04 Julio 2019 - 9:51AM
Northfield Capital Corporation (the “Acquirer”) (TSX-V: NFDA)
announces that it has acquired ownership and control of 163,000
common shares (the “Subject Shares”) of Gatling Exploration Inc.
(the “Company”) (TSX-V: GTR), Suite 1680 – 200 Burrard St.,
Vancouver, BC, V6C 3L6 on July 3, 2019, representing approximately
0.3% of all issued and outstanding common shares of the Company as
of such date immediately following such transaction.
Immediately before the transaction described
above, the Acquirer held an aggregate of 4,495,357 common shares of
the Company, representing approximately 9.5% of the issued and
outstanding common shares of the Company. Upon completion of
the transaction described above, the Acquirer owns and controls an
aggregate of 4,658,357 common shares of the Company (the “Owned
Shares”), representing approximately 9.8% of the issued and
outstanding common shares of the Company as of July 3, 2019
immediately following the transaction described above.

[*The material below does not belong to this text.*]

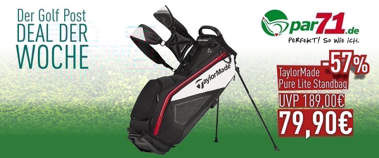 TaylorMade ist es mit dem Pure Lite Standbag gelungen ein Bag zu konzipieren, welches einen optimalen Tragekomfort durch sein Rucksacktragegurt-System bietet und mit nur 2,5 kg ein minimales Eigengewicht aufweist. Diese Woche erhalten Sie das Leichtgewicht von TaylorMade zum Tiefpreis von nur 79,90€, was einem Rabatt von 57% entspricht!
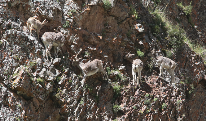 巖羊的保護(hù)色很有效,如果不仔細(xì)看,很容易在巖石峭壁之間與它們錯(cuò)過(guò),拍攝于昂賽大峽谷。澎湃新聞?dòng)浾?孫鵬程 圖。

Immediately before the transaction described
above, the Acquirer and its joint actor (Robert Cudney) held an
aggregate of 4,620,357 common shares of the Company. Of these
totals, 4,495,357 common shares were held by the Acquirer directly,
and 125,000 common shares were held by its joint actor,
representing approximately 9.7% of the issued and outstanding
common shares of the Company. Upon completion of the
transaction described above, the Acquirer, together with its joint
actor, own and control an aggregate of 4,783,357 common shares of
the Company (of which the 4,658,357 Owned Shares are owned by the
Acquirer directly and 125,000 common shares are owned by its joint
actor), representing approximately 10.1% of the issued and
outstanding common shares of the Company as of July 3, 2019
immediately following the transaction described above.
The Subject Shares were acquired through the
facilities of the stock exchange. The holdings of securities
of the Company by the Acquirer and its joint actor are managed for
investment purposes, and the Acquirer and its joint actor could
increase or decrease their investments in the Company at any time,
or continue to maintain their current investment position,
depending on market conditions or any other relevant factor. The
aggregate consideration payable for the Subject Shares was
$64,645.00, calculated as an aggregate of 163,000 Subject Shares
acquired at a purchase price of $0.40 per share.
The trade was effected in reliance upon the
exemption contained in Section 2.3 of National Instrument 45-106 on
the basis that the Acquirer is an “accredited investor” as defined
herein.
Additional Information
A copy of the applicable securities report filed
in connection with the matters set forth above may be obtained by
contacting:
Brent Peters – Director and VP Finance141 Adelaide
Street West, Suite 301Toronto, Ontario M5H 3L5tel:
416-628-5901
Neither the TSX Venture Exchange nor its
Regulation Services Provider (as that term is defined in the
policies of the TSX Venture Exchange) accepts responsibility for
the adequacy or accuracy of this release.